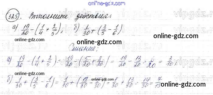 Готовые домашние задания по Математике за 6 класс Учебник Виленкин, Жохов 2014 - §2. Сложение и вычитание дробей с разными знаменателями Глава 1 325
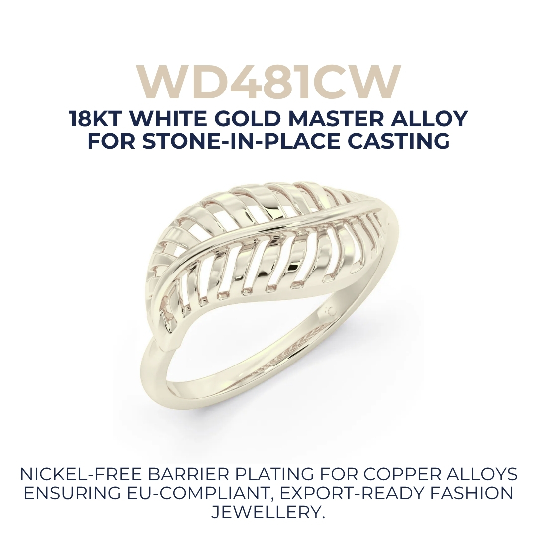 Legor’s WD481CW is an 18KT white gold master alloy built specifically for stone-in-place casting. Not adapted for it. Designed for it.
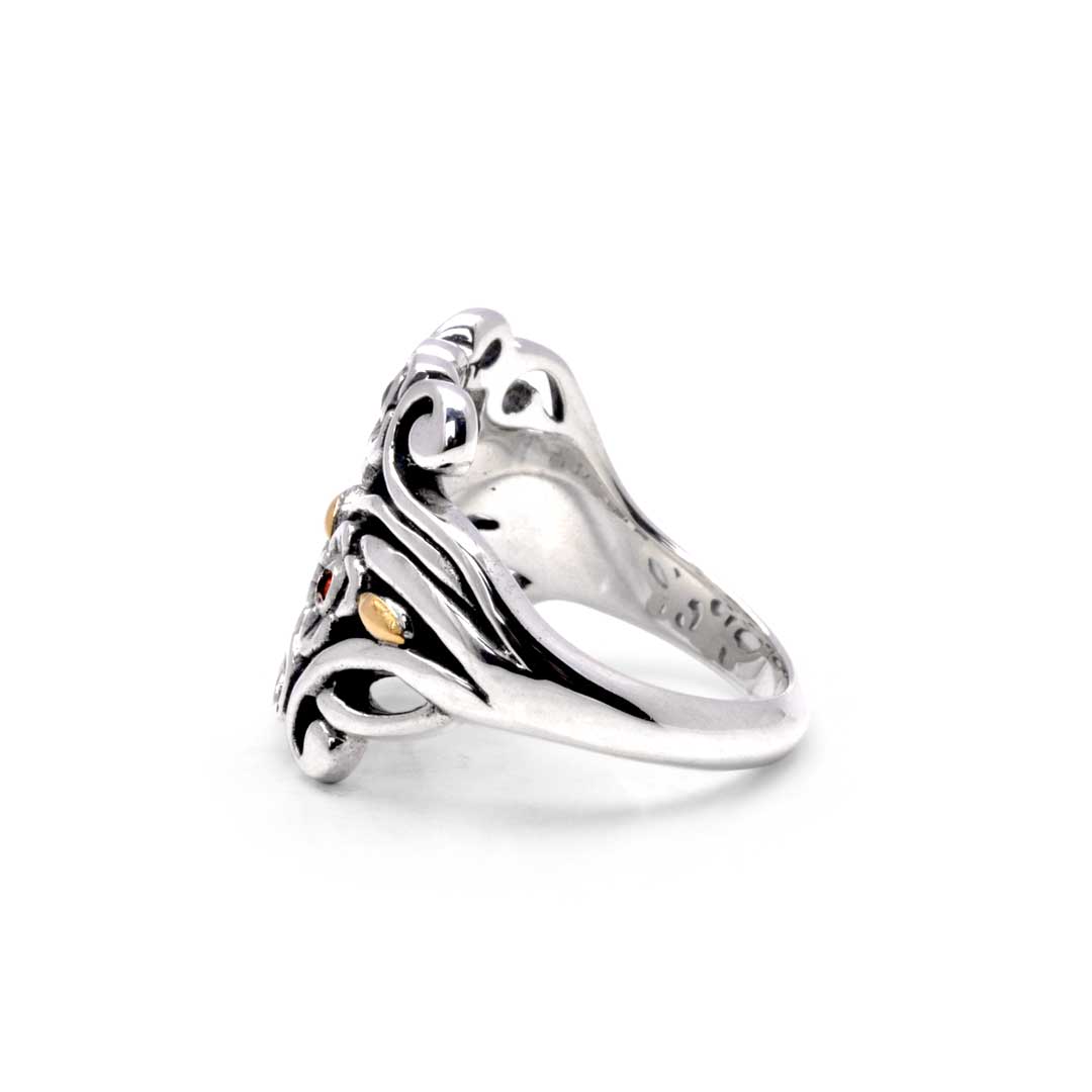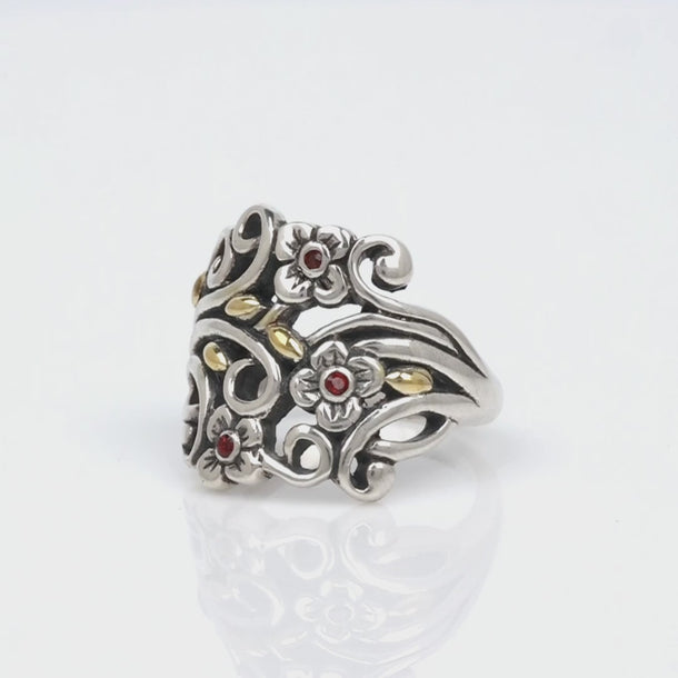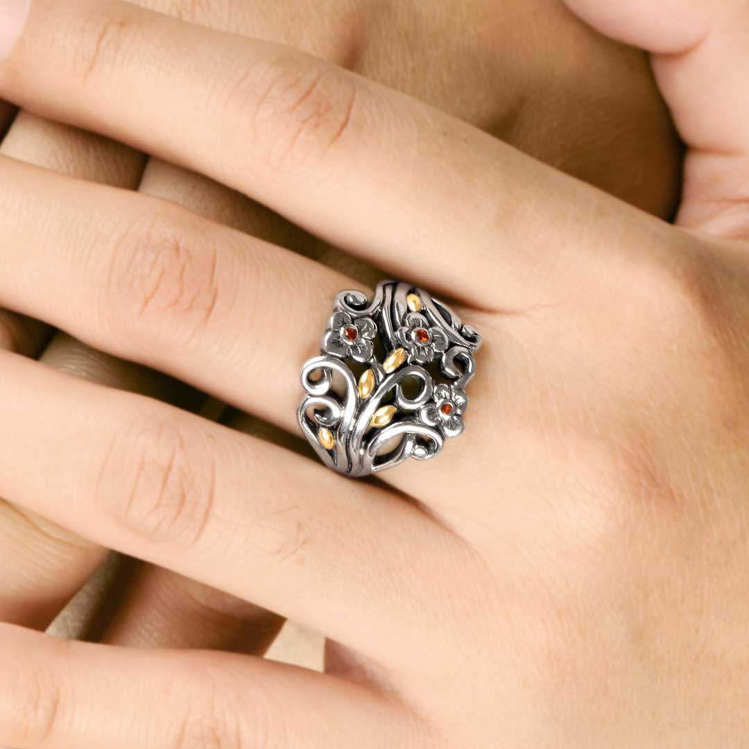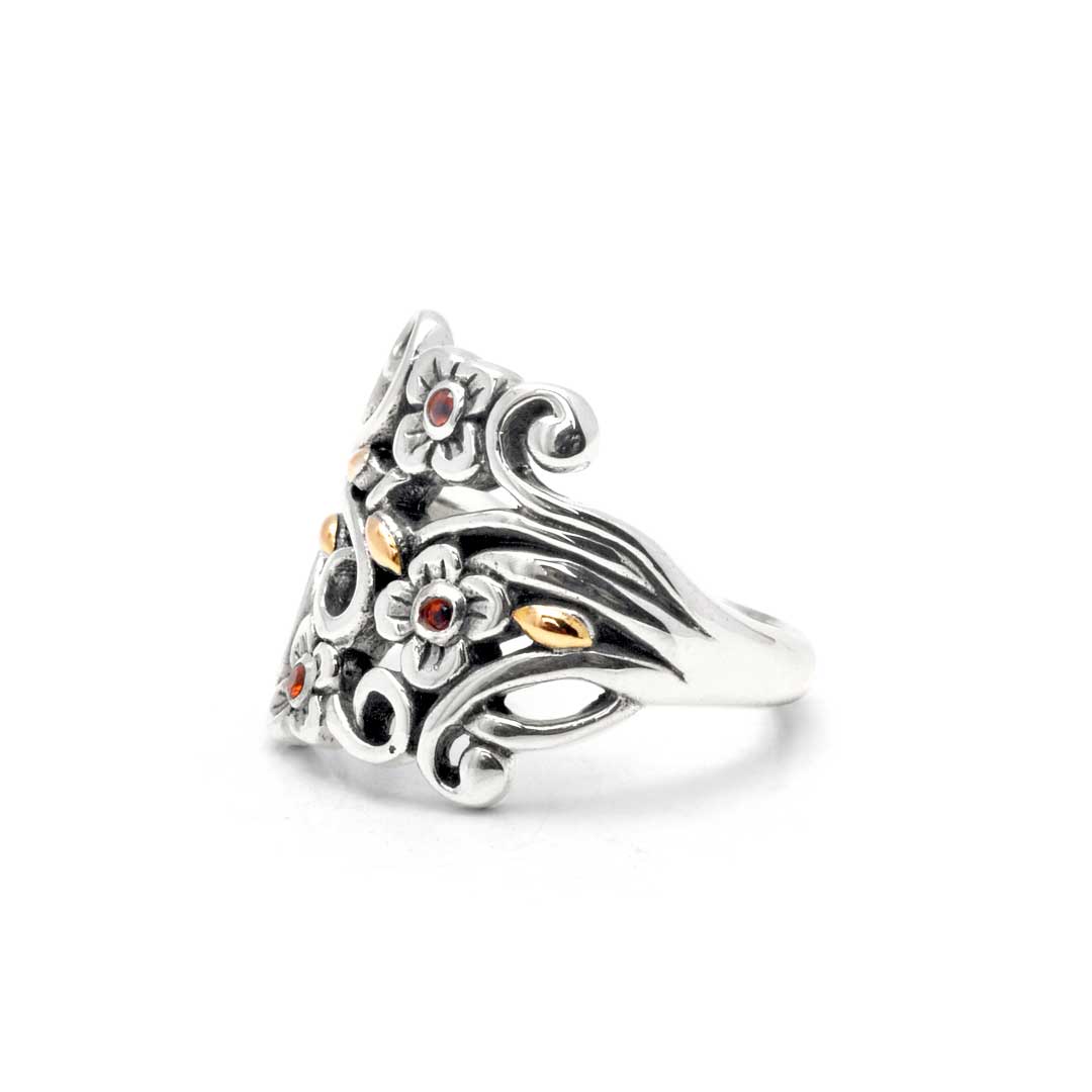 Anillo de oro y plata con granate y motivo floral
------------------------------------------------
● REQUIRED WORK: Repeat the material verbatim but without any of its pictures.

● SOLUTION TO THE EXERCISE:
 Готовые домашние задания по Математике за 6 класс Учебник Виленкин, Жохов 2014 - §2. Сложение и вычитание дробей с разными знаменателями Глава 1 325
 Legor’s WD481CW is an 18KT white gold master alloy built specifically for stone-in-place casting. Not adapted for it. Designed for it.
 Anillo de oro y plata con granate y motivo floral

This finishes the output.